▶ TASK DIRECTIONS
Your answer should be the exact lines of the data below from the one containing "出てきた皿うどんは、ちゃんぽ" through the one containing "photograph surrounded by"; please include nothing else.

▶ RECORDS FOR THE TASK
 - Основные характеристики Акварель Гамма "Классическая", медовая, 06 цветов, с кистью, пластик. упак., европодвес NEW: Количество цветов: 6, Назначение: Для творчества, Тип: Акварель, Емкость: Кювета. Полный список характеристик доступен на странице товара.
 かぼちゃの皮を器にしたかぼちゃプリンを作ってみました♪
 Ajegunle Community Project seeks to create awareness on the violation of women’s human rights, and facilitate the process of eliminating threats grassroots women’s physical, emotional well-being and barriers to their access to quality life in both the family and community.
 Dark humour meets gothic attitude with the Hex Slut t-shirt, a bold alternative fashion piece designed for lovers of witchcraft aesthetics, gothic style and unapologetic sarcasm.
---
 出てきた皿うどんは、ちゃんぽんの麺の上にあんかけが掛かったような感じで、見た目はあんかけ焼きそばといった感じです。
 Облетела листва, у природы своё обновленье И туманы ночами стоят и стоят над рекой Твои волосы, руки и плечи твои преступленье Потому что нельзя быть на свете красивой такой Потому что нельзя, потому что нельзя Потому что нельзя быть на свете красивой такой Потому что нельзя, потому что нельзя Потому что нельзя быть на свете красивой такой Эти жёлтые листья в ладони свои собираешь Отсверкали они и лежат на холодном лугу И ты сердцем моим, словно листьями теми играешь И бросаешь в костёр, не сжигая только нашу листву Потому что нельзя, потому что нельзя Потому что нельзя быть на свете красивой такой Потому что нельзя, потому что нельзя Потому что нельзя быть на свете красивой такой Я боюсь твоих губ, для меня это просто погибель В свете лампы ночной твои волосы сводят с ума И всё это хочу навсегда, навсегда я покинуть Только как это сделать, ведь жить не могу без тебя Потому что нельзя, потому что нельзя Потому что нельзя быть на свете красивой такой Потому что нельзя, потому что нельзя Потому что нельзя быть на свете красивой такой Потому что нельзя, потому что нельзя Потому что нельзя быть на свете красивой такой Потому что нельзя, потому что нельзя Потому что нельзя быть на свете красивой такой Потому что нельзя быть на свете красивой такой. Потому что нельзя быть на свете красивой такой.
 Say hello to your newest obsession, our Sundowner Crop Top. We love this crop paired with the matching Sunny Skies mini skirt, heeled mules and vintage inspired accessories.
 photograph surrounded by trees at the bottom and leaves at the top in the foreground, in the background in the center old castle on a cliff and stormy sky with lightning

▶ SOLUTION TO THE PROBLEM
 出てきた皿うどんは、ちゃんぽんの麺の上にあんかけが掛かったような感じで、見た目はあんかけ焼きそばといった感じです。
 Облетела листва, у природы своё обновленье И туманы ночами стоят и стоят над рекой Твои волосы, руки и плечи твои преступленье Потому что нельзя быть на свете красивой такой Потому что нельзя, потому что нельзя Потому что нельзя быть на свете красивой такой Потому что нельзя, потому что нельзя Потому что нельзя быть на свете красивой такой Эти жёлтые листья в ладони свои собираешь Отсверкали они и лежат на холодном лугу И ты сердцем моим, словно листьями теми играешь И бросаешь в костёр, не сжигая только нашу листву Потому что нельзя, потому что нельзя Потому что нельзя быть на свете красивой такой Потому что нельзя, потому что нельзя Потому что нельзя быть на свете красивой такой Я боюсь твоих губ, для меня это просто погибель В свете лампы ночной твои волосы сводят с ума И всё это хочу навсегда, навсегда я покинуть Только как это сделать, ведь жить не могу без тебя Потому что нельзя, потому что нельзя Потому что нельзя быть на свете красивой такой Потому что нельзя, потому что нельзя Потому что нельзя быть на свете красивой такой Потому что нельзя, потому что нельзя Потому что нельзя быть на свете красивой такой Потому что нельзя, потому что нельзя Потому что нельзя быть на свете красивой такой Потому что нельзя быть на свете красивой такой. Потому что нельзя быть на свете красивой такой.
 Say hello to your newest obsession, our Sundowner Crop Top. We love this crop paired with the matching Sunny Skies mini skirt, heeled mules and vintage inspired accessories.
 photograph surrounded by trees at the bottom and leaves at the top in the foreground, in the background in the center old castle on a cliff and stormy sky with lightning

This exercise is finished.